BRIEF: The entries that follow should be repeated exactly, with no pictures kept.

===== SOURCE INFORMATION =====

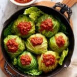 Store leftover cabbage rolls in an airtight container in the refrigerator for up to 4 days. Reheat in the oven at 350°F (175°C) covered with foil until heated through, about 20 minutes. They also freeze well—wrap individually and freeze for up to 3 months. Thaw overnight in the fridge before reheating.
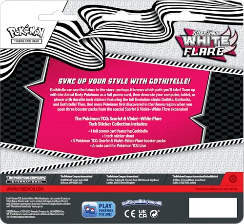 - The Pokémon TCG: Scarlet & Violet—White Flare Tech Sticker Collection includes 1 foil promo card featuring Gothitelle and 1 tech sticker sheet.
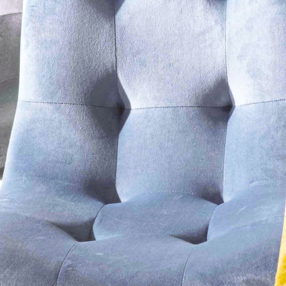 metalu malowanego na czarno . Unikalne kolory i mocny charakter wzbogacają i sprawiają, że prosta i zasadnicza konstrukcja tego nowoczesnego krzesła jest wyjątkowa, pomyślana i zaprojektowana tak, aby w ukierunkowany sposób odpowiadać na każdy rodzaj potrzeb, od najbardziej ekscentrycznych, wymagających koloru i żywości, po najbardziej trzeźwe i dyskretne dla które kolory jak gołębi szary i szary dają doskonałe rozwiązanie. Specyfika pikowanej pracy, która charakteryzuje sesję, wzbogaca następnie wystrój wnętrza, nadając jeszcze silniejszą
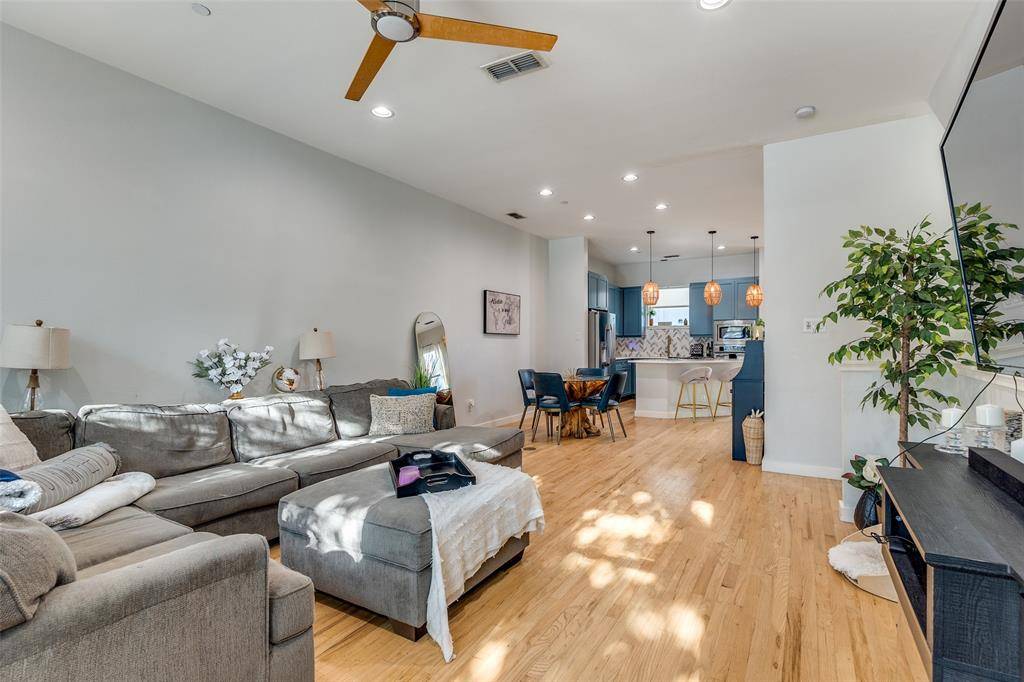 Enjoy an unbeatable location, walkable to restaurants at Ross & Hall and Excall Park, minutes from Klyd Warren Park, Downtown, Uptown, and Deep Ellum. Additional features include an attached 2-car garage, community pool access, and low HOA dues. Recent upgrades: New AC (2024), tankless water heater (2023), luxury vinyl plank flooring (2024), polished porcelain tile entry (2024), Samsung XL Smart washer & dryer (2023-conveys).
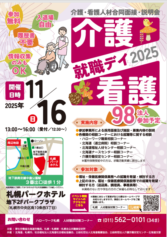 お知らせ 介護看護人材合同面接・説明会2025 介護・看護人材合同面接・説明会 2025 介護・看護就職デイ2025 当事業所は11月16日(日)に開催される面接説明会に出展いたします。皆様のご来場を心よりお待ちしております。 https://jsite.mhlw.go.jp/hokkaido-hellowork/list/sapporo/shisetsu/kaigokangoday2025.html
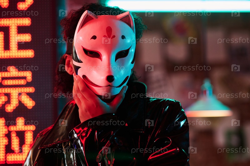 Молодая женщина в лисистой маске стоит против иероглифа, означающего лучший рамен
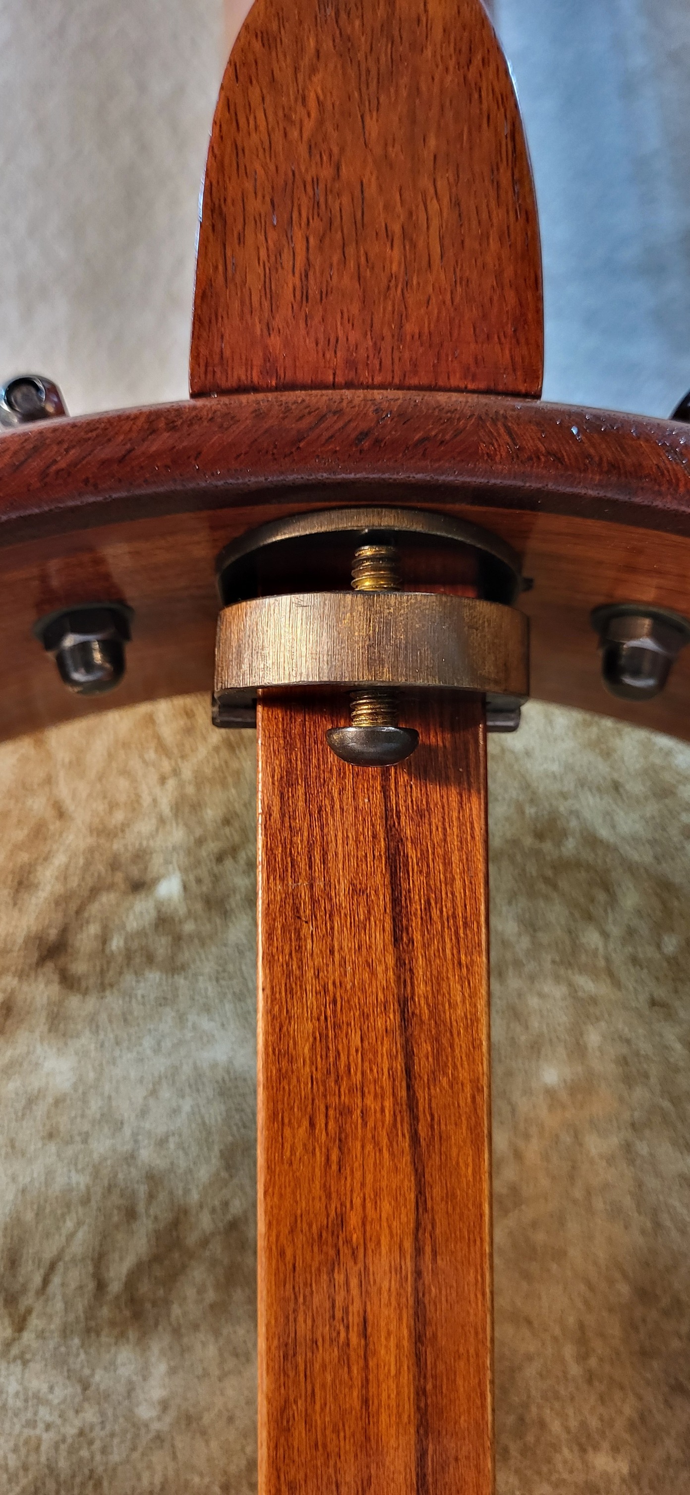Goat skin supplied by Jeff Menzies and mounted on a brass hoop to fit the rim here in my shop.

=====

ANSWER SECTION:
 Store leftover cabbage rolls in an airtight container in the refrigerator for up to 4 days. Reheat in the oven at 350°F (175°C) covered with foil until heated through, about 20 minutes. They also freeze well—wrap individually and freeze for up to 3 months. Thaw overnight in the fridge before reheating.
 - The Pokémon TCG: Scarlet & Violet—White Flare Tech Sticker Collection includes 1 foil promo card featuring Gothitelle and 1 tech sticker sheet.
 metalu malowanego na czarno . Unikalne kolory i mocny charakter wzbogacają i sprawiają, że prosta i zasadnicza konstrukcja tego nowoczesnego krzesła jest wyjątkowa, pomyślana i zaprojektowana tak, aby w ukierunkowany sposób odpowiadać na każdy rodzaj potrzeb, od najbardziej ekscentrycznych, wymagających koloru i żywości, po najbardziej trzeźwe i dyskretne dla które kolory jak gołębi szary i szary dają doskonałe rozwiązanie. Specyfika pikowanej pracy, która charakteryzuje sesję, wzbogaca następnie wystrój wnętrza, nadając jeszcze silniejszą
 Enjoy an unbeatable location, walkable to restaurants at Ross & Hall and Excall Park, minutes from Klyd Warren Park, Downtown, Uptown, and Deep Ellum. Additional features include an attached 2-car garage, community pool access, and low HOA dues. Recent upgrades: New AC (2024), tankless water heater (2023), luxury vinyl plank flooring (2024), polished porcelain tile entry (2024), Samsung XL Smart washer & dryer (2023-conveys).
 お知らせ 介護看護人材合同面接・説明会2025 介護・看護人材合同面接・説明会 2025 介護・看護就職デイ2025 当事業所は11月16日(日)に開催される面接説明会に出展いたします。皆様のご来場を心よりお待ちしております。 https://jsite.mhlw.go.jp/hokkaido-hellowork/list/sapporo/shisetsu/kaigokangoday2025.html
 Молодая женщина в лисистой маске стоит против иероглифа, означающего лучший рамен
Goat skin supplied by Jeff Menzies and mounted on a brass hoop to fit the rim here in my shop.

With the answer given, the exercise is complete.